- _WHAT TO PRODUCE_
Begin at the line that has "Баланс аккаунта пользователя", stop after the line that has "此外,Model 3/焕新Model Y全新车漆星钻黑上线,官方表示采用超高密度闪烁光学叠加技术,每1平米超100万颗玻璃微珠。", and print exactly those lines from the records below, without any pictures.

- _THE DATA_
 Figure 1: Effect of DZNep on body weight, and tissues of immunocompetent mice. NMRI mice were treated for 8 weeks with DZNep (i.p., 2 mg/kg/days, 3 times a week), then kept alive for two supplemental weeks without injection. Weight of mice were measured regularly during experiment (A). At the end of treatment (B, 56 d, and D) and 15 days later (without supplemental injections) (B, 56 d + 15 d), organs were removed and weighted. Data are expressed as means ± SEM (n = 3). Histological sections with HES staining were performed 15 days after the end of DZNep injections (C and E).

==

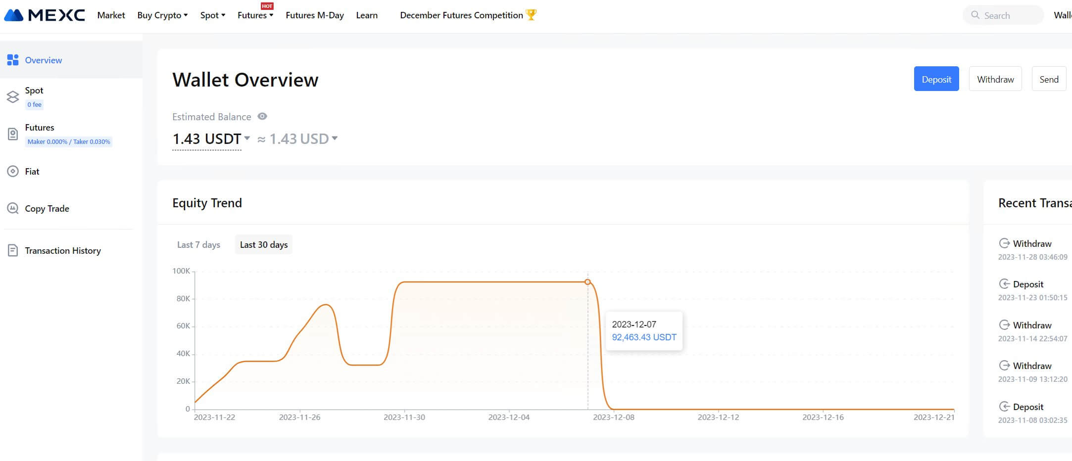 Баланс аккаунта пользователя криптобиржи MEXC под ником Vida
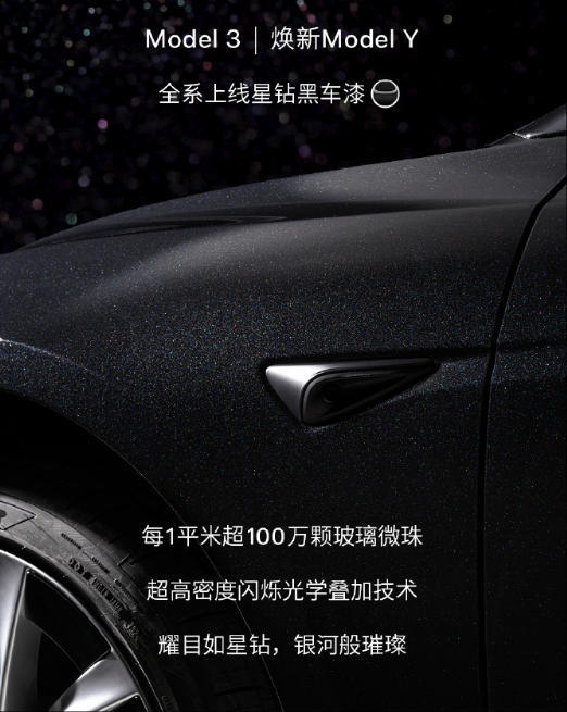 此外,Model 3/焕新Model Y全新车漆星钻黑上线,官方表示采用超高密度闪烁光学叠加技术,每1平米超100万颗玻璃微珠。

---

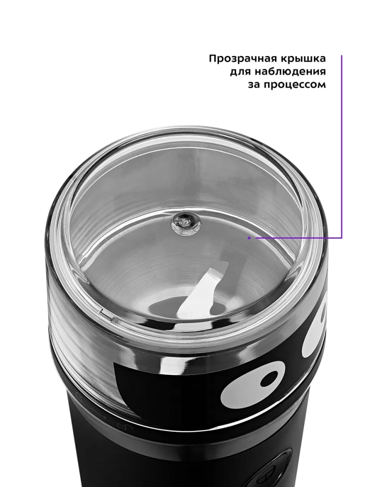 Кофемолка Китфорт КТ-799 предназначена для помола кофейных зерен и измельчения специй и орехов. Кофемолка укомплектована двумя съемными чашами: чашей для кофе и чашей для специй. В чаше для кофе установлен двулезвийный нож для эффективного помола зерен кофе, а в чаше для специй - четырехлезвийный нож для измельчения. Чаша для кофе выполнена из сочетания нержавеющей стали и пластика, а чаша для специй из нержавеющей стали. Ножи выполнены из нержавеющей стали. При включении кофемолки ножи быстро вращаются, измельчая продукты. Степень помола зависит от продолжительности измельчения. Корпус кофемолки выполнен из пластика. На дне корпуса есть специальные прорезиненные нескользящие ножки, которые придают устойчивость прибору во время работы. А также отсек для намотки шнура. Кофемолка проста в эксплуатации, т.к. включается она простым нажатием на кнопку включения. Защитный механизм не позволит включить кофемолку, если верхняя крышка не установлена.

- _TASK OUTPUT_
 Баланс аккаунта пользователя криптобиржи MEXC под ником Vida
 此外,Model 3/焕新Model Y全新车漆星钻黑上线,官方表示采用超高密度闪烁光学叠加技术,每1平米超100万颗玻璃微珠。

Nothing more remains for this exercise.